The sacking of Datuk Seri Tajuddin Abdul Rahman (main image) from the Umno Supreme Council and his explosive press conference, where he revealed the behind-the-scenes political manoeuvrings by Umno heavyweights, demonstrate that Umno is still trying to find its footing in the political arena after its shocking defeat in the 2018 general election.
For the record, Tajuddin had spoken about heavyweights in the party throwing their support behind Datuk Seri Anwar Ibrahim as prime minister, and an alleged move to oust Datuk Seri Ahmad Zahid Hamidi as party president.
Even though Prime Minister and Umno vice-president Datuk Seri Ismail Sabri Yaakob had said that there was only one camp in Umno, the truth of the matter is, factional rivalry is the rule in Umno, not the exception.
A case in point is that after a coup de grace hatched by Umno Members of Parliament aligned to former prime minister Datuk Seri Najib Razak and Ahmad Zahid against Tan Sri Muhyiddin Yassin, and the ascendency of Ismail Sabri as Malaysia’s ninth prime minister, there are still calls within the party for Parliament to be dissolved, mainly due to the fact that Umno has to share power with Perikatan Nasional (PN) and is not in total control of the government.
In another way, the installation of Ismail Sabri as prime minister has not brought about the desired outcome, as expected by certain factions within the party.

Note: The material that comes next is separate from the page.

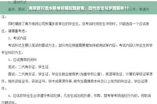 通过本文,您已经了解了南京银行如何拉流水,以及如何分析和注意事项,拉流水是了解账户状况的重要途径,希望您在拉流水的过程中能够顺利、便捷地获取到所需信息,学会分析银行流水,将有助于您更好地把握个人或企业的财务状况,为未来的决策提供依据。

Prior to 2018, Umno had almost always called all the shots in the government, whether in terms of political appointees, the appointment of senior civil servants in key ministries, the police force, the armed forces, as well as government-linked companies (GLCs).
Over the course of the post-Independence period, with the exception of the 22-month “sabbatical leave” post-GE-14, the creeping in of Umno’s tentacles in governmental, economic, and societal affairs was almost complete. From the village council, all the way to the glittery halls of corporate offices, Umno has had a say in who, and how these organisations should be run.
Therefore, it is not an exaggeration to say that Umno’s domination over the state and society has, in one way or another, contributed to various corporate scandals, as well as the weakening of the civil service.
When the Fleet Group was set up in the early 1970s as Umno’s investment arm, issues related to good governance had been placed in the back burner, partly due to political expediency, and partly due to the absence of functioning regulatory bodies.
The Bumiputra Malaysia Finance (BMF) and the 1Malaysia Development Berhad (1MDB) scandals are among the many examples of how the incestuous relationship between politics and business had resulted in colossal loss to the government.
Najib and Ahmad Zahid’s ongoing trials should be an eye-opener for thinking Malaysians on how money is constantly needed to quench the insatiable thirst of politicians. While there are talks on the need to regulate political funding, a draft bill on the matter has yet to be tabled in Parliament for the first reading.
What is more, the revelation by both Muhyiddin and Anwar that certain quarters within Umno had wanted the Executive to interfere with the ongoing trials of Umno bigwigs simply shows that Umno does not respect a fundamental principle in a democratic government: the rule of law.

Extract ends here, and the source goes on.